Loading robot producer Senad secures $44 million Series C round

  • Industrial embodied AI firm bets on “world model” for loading automation
  • System simulates object deformation and stack stability before robot action

Industrial embodied AI robotics company Senad (赛那德) has raised 300 million yuan ($44 million) in a Series C round of funding, as it pushes deeper into commercial deployment of logistics automation systems.

The round was led by by digital freight platform Full Truck Alliance, with participation from Haitong Capital, Huayi Ventures and two Oriza Holdings-managed funds.

Existing shareholders including Fortune Capital, Long Capital and Prime Light Capital also increased their stakes, according to the company.

Dual-core architecture

The funding comes as Senad debuts what it calls the world’s “first physical engine” tailored to vertical in-warehouse cargo loading scenarios.

Founded in 2012 and headquartered in Zhejiang’s Jiaxing, Senad said the capital will be used to accelerate mass production and delivery of its iLoabot series of embodied loading robots, as well as R&D on its dual-core architecture combining an “industrial brain” and a “robotic cerebellum.”

Alongside the funding announcement, the company launched Senad Robot Insight-World V3.0, a world model designed specifically for logistics unloading and loading environments.

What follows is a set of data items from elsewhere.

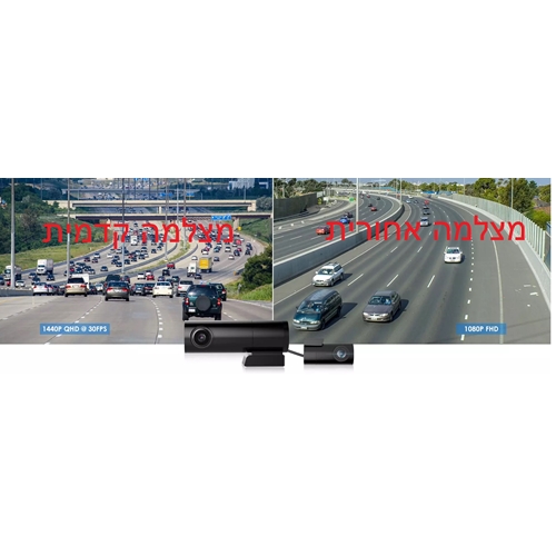 2 מצלמות צבעוניות לצילום רציף – קדמית 170 מעלות + מצלמה אחורית 130מעלות ניתקת למיקום בכל אזור ברכב.
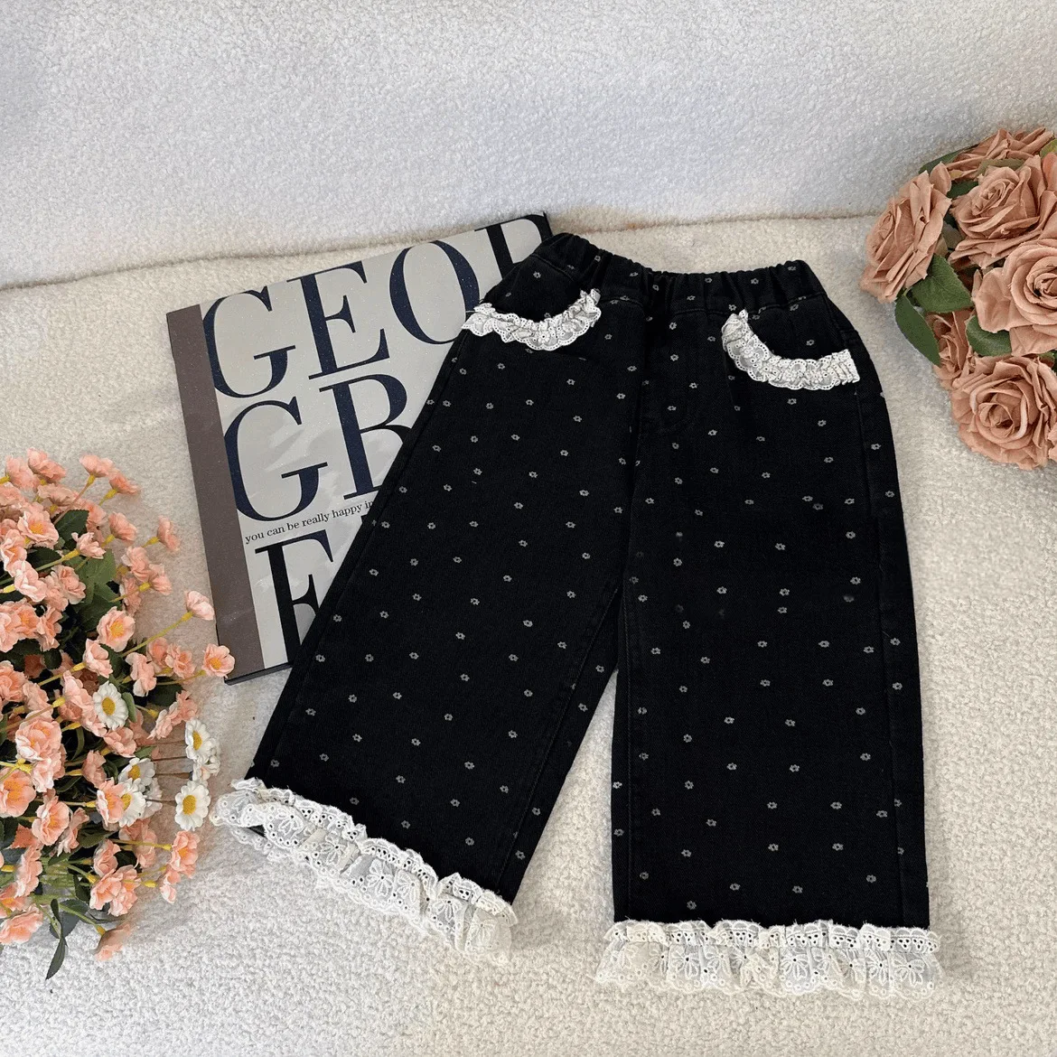 2025 autumn new girls pants medium and children's versatile fashion wear Korean version of girls lace casual pants
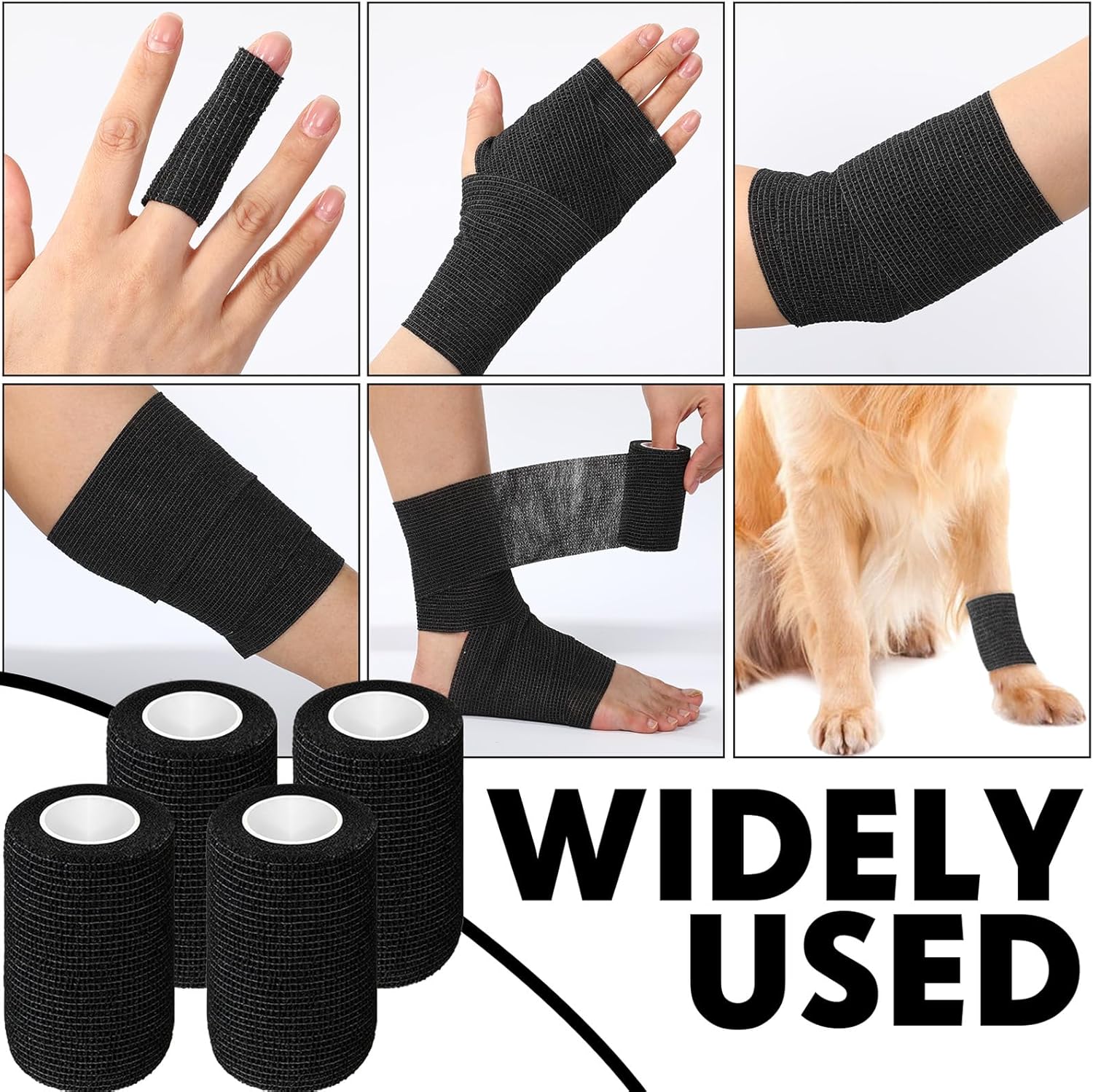 - Wide Range of Applications: the cohesive bandages can be applied to cover most of our body parts like ankle, wrist, finger, toe, elbow, knee and more; They can also work for pet, such as cat and dog, which is useful wrap for dogs and people
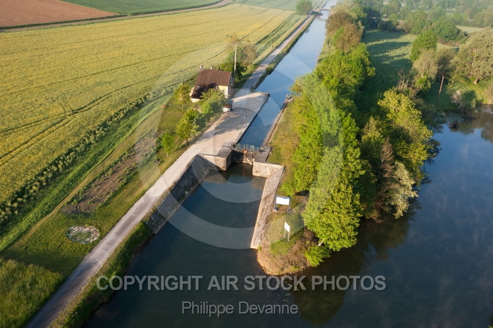 Ecluse de Ravereau vue du ciel à Merry-sur-Yonne en Bourgogne
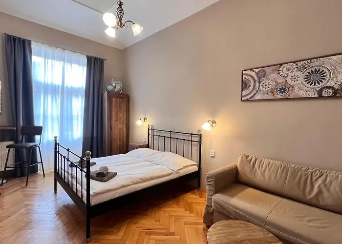 تقع Old Town - Dusni Apartments براغ المكونة من 6 غرفة على بعد أقل من 8 دقيقة سيرًا على الأقدام من ميدان ريبابليك، وتضمّ موقف السيارات العام لأولئك الذين يسافرون بالسيارة. تقع الشقة في منطقة ويست إند، وتوفّر الوصول إلى ساعة براغ الفلكية على بعد 300 متر فقط.
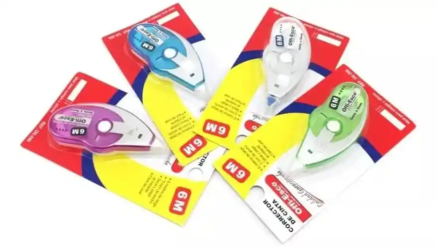 CINTA CORRECTOR OFFI ESCO -6 metros de largo -5 mm de ancho -Seca y pega al instante -Fácil de usar . Garantía Todos nuestros productos tienen 3 meses de garantía por defectos de fabricación. Tenemos envios con pago contraentrega en Bogotá, soacha, chia, usme pueblo, tiguaque, Engativa pueblo, calle 220, facatativa, rosal, zipaquira, tocancipa, cajica, mosquera, funza, Madrid, sopo, sibate, tengo, tabio, cota y calera. Despachamos a todo el país .
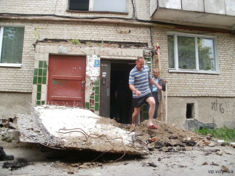 Надзвичайна подія трапилась неподалік мого під'їзду. Це ж чекає і дашок над моїм. Вже мабуть зо два роки подаємо заявки на ремонт. Реакція нульова. Люди добрі, до тих пір поки ми не усвідомимо, що ми люди, а не бидло, до тих пір будемо знищувати самі себе. Про Романюка, про владу - це все вірно, та давайте все ж конкретизувати. Є там така собі Зенівна, керує своїми алкашиками, їм копійку на 100 грам, а собі все інше. Це типовий совковий чиновник, хамка, безвідповідальна, хабарниця!!!
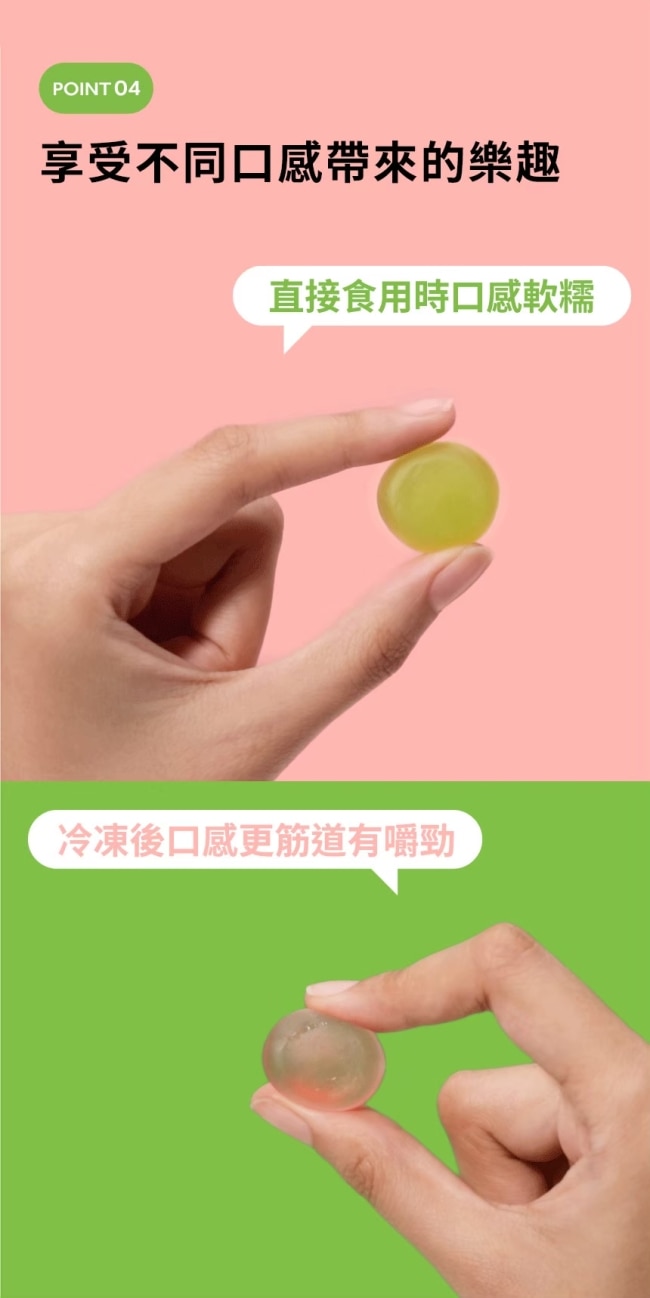 不論是學齡兒童、青少年、成年人或樂齡長者都能輕鬆食用。Q彈口感與酸甜風味讓補充益生菌成為每天期待的美味時刻。

Compensating for VLA’s shortcomings

Unlike conventional vision-language-action (VLA) systems that react to what they see in real time, Senad’s model introduces spatial-temporal prediction, trained on large-scale real-world interaction data.

The system allows robots to simulate how cargo stacks will deform and shift before making a grasp.

In traditional loading scenarios, robots typically decide grasping actions based on a single camera frame. But when boxes are stacked, weight pressure can cause deformation or instability, increasing the risk of collapse or damage if the robot misjudges force or angle.

Senad’s system instead “rehearses” physical outcomes in advance—predicting how stacks will shift under different grasping strategies and selecting the safest and most stable approach before execution.

Predictive machines

The company said this shift effectively turns loading robots from reactive machines into predictive systems, improving performance in unstructured environments and significantly enhancing success rates and operational safety.

Senad said its iLoabot-M autonomous unloading robot has achieved a 100% success rate in structured environments and around 80% in certain unstructured scenarios.

Through a closed-loop system of real-world data capture and virtual model iteration, the company has also accumulated a rare dataset on cargo shapes and stacking patterns, it added.

Logistics and FMCG customers

Senad’s robots are now deployed at scale in sectors including tobacco, beverages and pharmaceuticals, with customers such as JD.com, SF Express and snack brand Three Squirrels.

The company said it is the only embodied loading robotics firm in China with proven commercial deployment at scale.

Its product portfolio includes autonomous loading, heavy-duty loading, bulk unloading and heavy-load humanoid systems covering end-to-end logistics scenarios.

It has also exported to more than 20 countries and regions in North America, Japan, South Korea and Western Europe.